It is not about format, it is about values.

> then I think it should probably keep doing the same things it's always
> done.  If you want to supply a BC date, why not do

Because it is inconvenient a little. If one value ("-2345") is passed,
another one ("2346 BC") is got. In the other case a programmer must
check for negative value, and if so change a sign and add "BC" to the
format. Moreover the programmer must keep in mind that it is not
enough to have usual date format "DD/MM/YYYY", because sometimes there
can be "BC" part.

> this:
>
> rhaas=# select to_date('0001-06-01 BC', 'YYYY-MM-DD BC');
>     to_date
> ---------------
>  0001-06-01 BC
> (1 row)

Also because of:

postgres=# SELECT EXTRACT(year FROM to_date('-3', 'YYYY'));date_part
-----------       -4
(1 row)

Note that the documentation[1] says "Keep in mind there is no 0 AD".
More examples by the link[2].

> --
> Robert Haas
> EnterpriseDB: http://www.enterprisedb.com
> The Enterprise PostgreSQL Company

[1]http://www.postgresql.org/docs/devel/static/functions-datetime.html
[2]http://www.postgresql.org/message-id/CAKOSWNn6KpfAbmrsHzyN8+2NHpyfVBdMPHYa5pQgUNy8LP2L2Q@mail.gmail.com
-- 
Best regards,
Vitaly Burovoy



Re: [PATH] Correct negative/zero year in to_date/to_timestamp

From
Robert Haas
Date:
On Sun, Feb 28, 2016 at 9:38 PM, Vitaly Burovoy
<vitaly.burovoy@gmail.com> wrote:
>> However, I'm not sure we ought to tinker with the behavior in this
>> area.  If YYYY-MM-DD is going to accept things that are not of the
>> format YYYY-MM-DD, and I'd argue that -1-06-01 is not in that format,
>
> It is not about format, it is about values.

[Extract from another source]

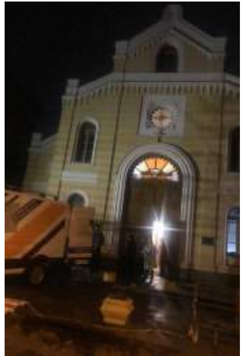
Pakete für Kiew

Ein herzliches Dankeschön an alle, die geholfen haben, dass diese Aktion zu einem guten Ende gekommen ist und ebenso an alle, die durch ihre Großzügigkeit das erst möglich gemacht haben.
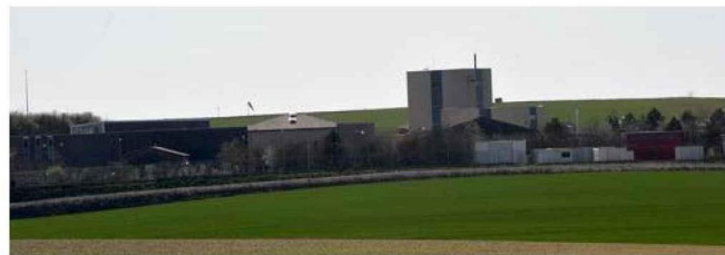
L'Andra a besoin de 655 ha pour son projet Cigéo.

On sait que des associations ont engagé un recours auprès du Conseil d'État contre l'arrêté ministériel qui a validé la DUP. Après que le Conseil constitutionnel, sollicité pour trancher une question prioritaire de constitutionnalité, a jugé conforme les modalités de création du centre de sto-

I disagree.  In a format like "-1-06-01", you want the first minus to
indicate negation and the other two to be a separator.  That's not
very far away from wanting the database to read your mind.

> Because it is inconvenient a little. If one value ("-2345") is passed,
> another one ("2346 BC") is got. In the other case a programmer must
> check for negative value, and if so change a sign and add "BC" to the
> format. Moreover the programmer must keep in mind that it is not
> enough to have usual date format "DD/MM/YYYY", because sometimes there
> can be "BC" part.

Yeah, well, that's life.  You can write an alternative function to
construct dates that works the way you like, and that may well be a
good idea.  But I think *this* change is not a good idea, and
accordingly I vote we reject this patch.

-- 
Robert Haas
EnterpriseDB: http://www.enterprisedb.com
The Enterprise PostgreSQL Company



Re: [PATH] Correct negative/zero year in to_date/to_timestamp

From
Vitaly Burovoy
Date:
On 3/11/16, Robert Haas <robertmhaas@gmail.com> wrote:
> On Sun, Feb 28, 2016 at 9:38 PM, Vitaly Burovoy
> <vitaly.burovoy@gmail.com> wrote:
>>> However, I'm not sure we ought to tinker with the behavior in this
>>> area.  If YYYY-MM-DD is going to accept things that are not of the
>>> format YYYY-MM-DD, and I'd argue that -1-06-01 is not in that format,
>>
>> It is not about format, it is about values.
>
> I disagree.  In a format like "-1-06-01", you want the first minus to
> indicate negation and the other two to be a separator.  That's not
> very far away from wanting the database to read your mind.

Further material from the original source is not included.